阿部希望著作 伝統野菜をつくった人々「種子屋」の近代史
明治から昭和初期頃、全国に野菜の種を販売普及させた「種子屋」の近代史


日本を訪れる外国観光客も2015年末には、全国で2000万人を越えるのではないかと言われる、嬉しい予想であるが、観光立国フランスやアメリカには遠く及ばない。観光の楽しみに食事は大きなウエイトを占める。我が国の野菜は実にバリエーションに富んでいる、胡瓜ひとつを見ても色々な味がある。京都や他の観光地に集中する観光客を地方に誘致するためには、地方の野菜活用がヒントになるかも知れない。

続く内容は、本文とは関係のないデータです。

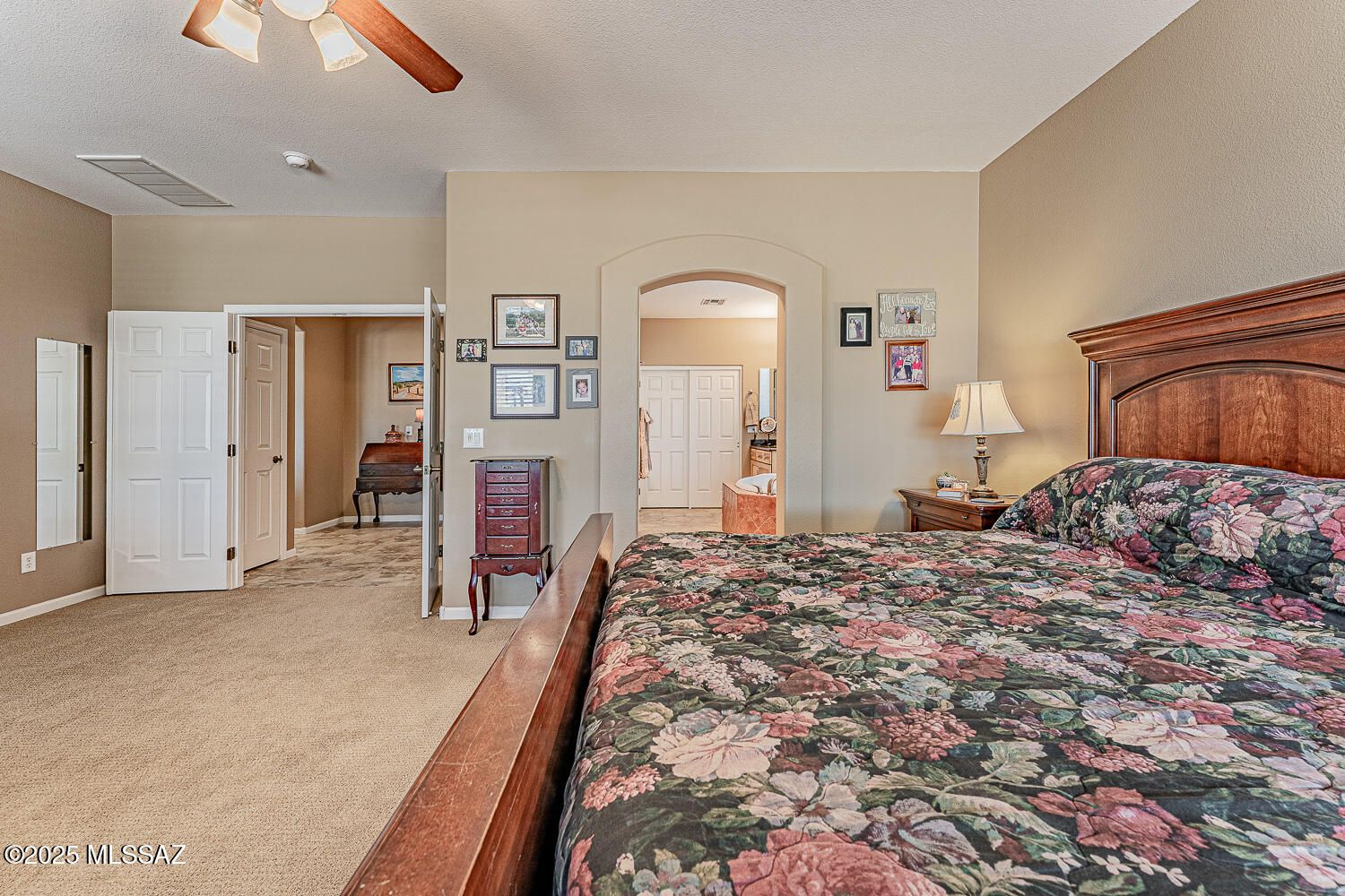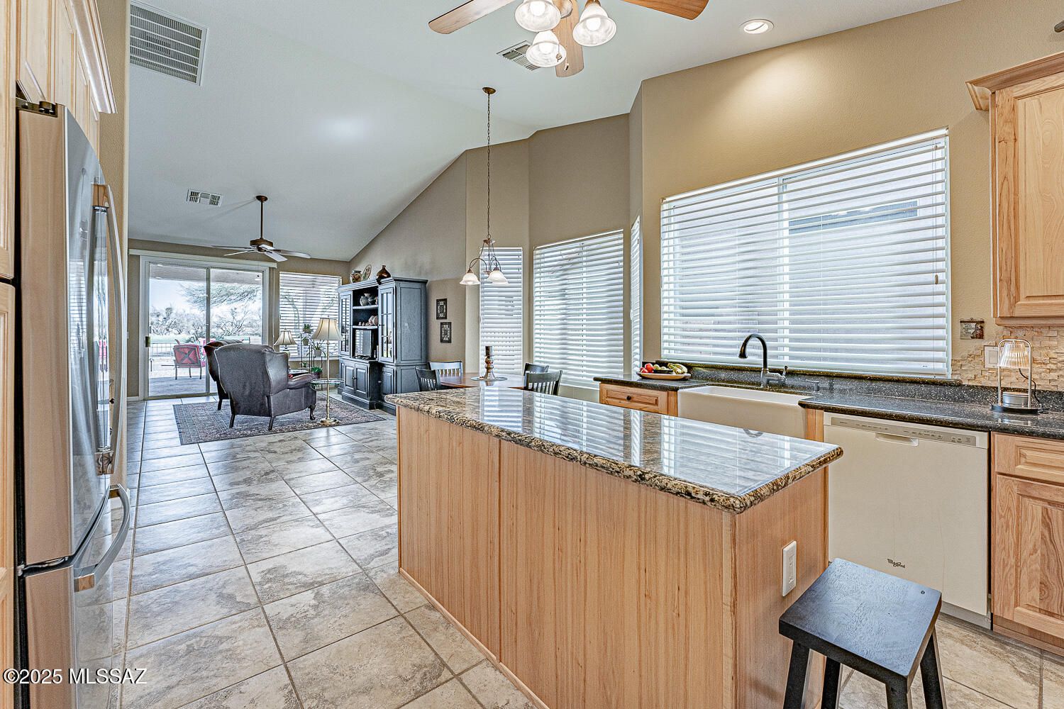 Welcome to your new home! Custom finishes throughout - a wall of windows in the back to enjoy the views and the golf course. The kitchen features raised panel cabinetry with under cabinet lighting and roll-out shelving, counter tops are engineered stone with tile backsplash/the center island has luxurious granite, smooth cooktop and new built in oven and microwave and new refrigerator - don't forget to see the oversized farmhouse sink. The owner's suite is entered in through double doors, has a sitting area and sliding glass door to the back patio. The bath has a soaking tub, step in shower with two shower heads and a walk in closet with built-ins. Hall bath counter tops are granite with a copper sink. Your visitors will enjoy the luxury of their own casita, complete with engineered stone

『各地に古くから伝わる伝統的な野菜が次々と姿を消していった。それらは本書のキーワードでもある「固定種」と呼ばれる種子で栽培された野菜であり、(後略)固定種野菜は、毎年、栽培して種子を採取し、またその種子を播くことで代々受け継がれてきた。固定種の消失は、固定種種子の消失を意味し、しかも、固定種種子は一度消滅すると、その野菜を二度と復元することはできない。』(同書から)
 

『固定種が一般的につくられていた明治から昭和戦前期を対象に、現在の種苗会社の前身である「種子屋」の発展過程をめぐりながら、固定種の種子がどのように生産・流通してきたかを検証していくものである。』(同書から)
『伝統野菜をつくった人々「種子屋」の近代史』著者 阿部希望 定価3780円 農山漁村文化協会(農文協)判型・頁数 四六 256ページ 口絵写真8ページ ISBN・9784540141959


目次の章立てを簡略に紹介
 1章 かつて「種子屋」と呼ばれる人々がいた 
 2章 買われる野菜、売られる種子 野菜と種子の変転、江戸から近代へ
 3章 種子の大量生産、大量流通を担う 江戸東京の種子問屋、榎本留吉商店
 4章 採取管理を請け負う「種子屋」作業管理の代行者、野口平蔵(橘屋種苗店)
 5章 村を歩き、市で売る在郷の「種子屋」掛け売り信用販売で地域密着、小売行商・種仁商店
 6章 今に生きる「種子屋」の功績
 農文協ホームページ
 
明治の後期、現大田区西馬込の篤農家河原梅次郎氏が「馬込半白節成胡瓜」をつくり、全国に普及させた。また、昭和25年頃、河原清吉氏らが「馬込大太三寸人参」を造ったが、昭和37年頃宅地化により生産されなくなった。